◆ **Exercise instructions**
Set down the final stretch of the data, from the line that holds "Воронка делительная ВД-3-1000, грушевидная, с" through the last line, both included, with pictures left out.

◆ **Raw data**
>>>
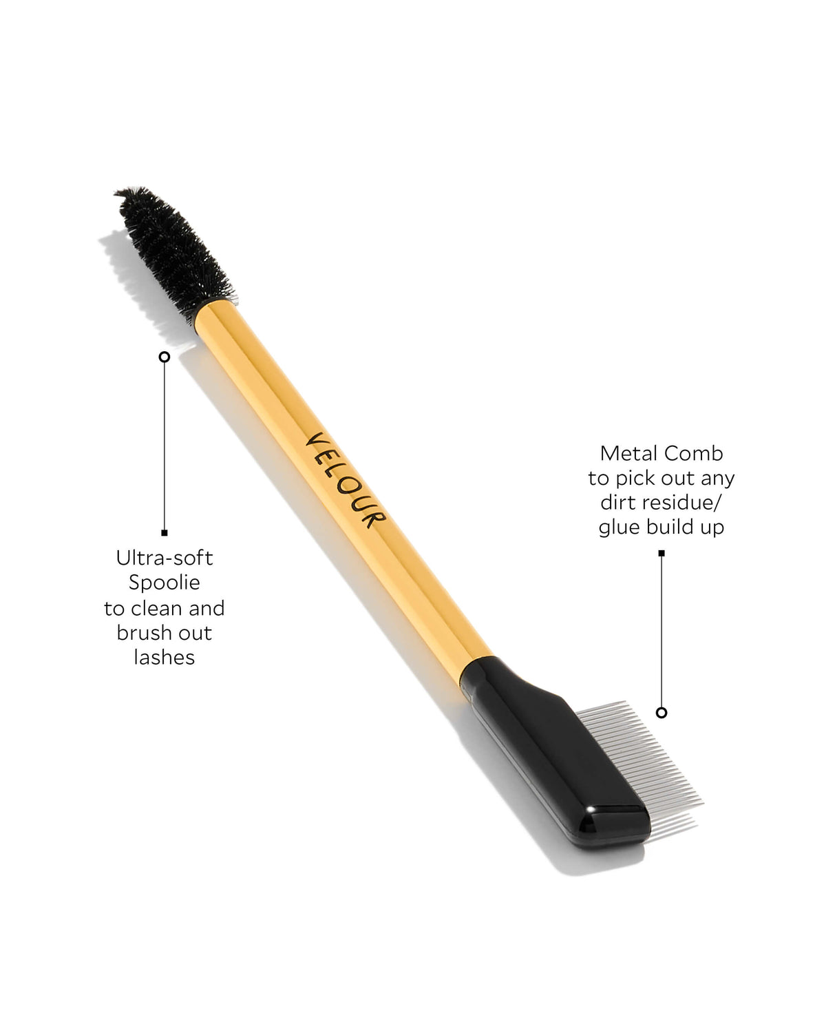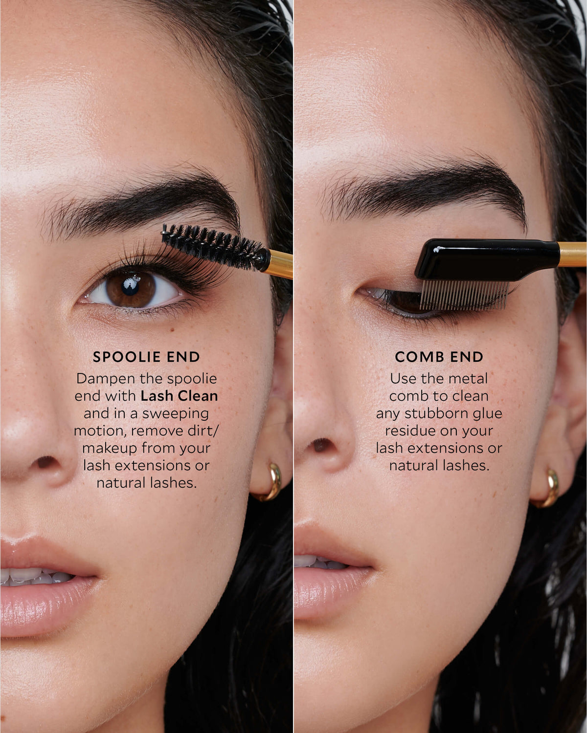 A dual-ended lash tool to assist in an effortless lash clean. Created for both false lashes and lash extensions. Our Too Clean Wash Wand is a unique 2-in-1 lash tool with a soft brush on one end and a unique metal comb on the other, which easily removes stubborn makeup, dirt, and lash adhesive from false lashes.
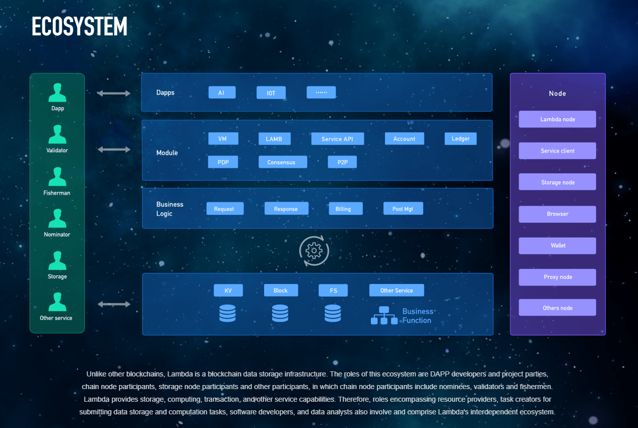 Some outstanding features in the Lambda infrastructure are Sharding technology, Multi-chain cooperative storage, and Cross-chain data management. Lambda consists of Lambda Chain, Lambda P2P, Lambda DB, Lambda FS, Lambda ABE, Lambda TPA Chain and Lambda Agent.
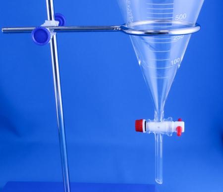 Воронка делительная ВД-3-1000, грушевидная, с фторопластовым краном, на 1000мл предназначена для разделения несмешивающихся жидкостей в процедурах экстрагирования.
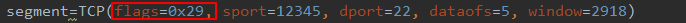 URG= 0x20 + PSH=0x08 + FIN =0x01= 0x29
<<<
◆ **Response area**
 Воронка делительная ВД-3-1000, грушевидная, с фторопластовым краном, на 1000мл предназначена для разделения несмешивающихся жидкостей в процедурах экстрагирования.
 URG= 0x20 + PSH=0x08 + FIN =0x01= 0x29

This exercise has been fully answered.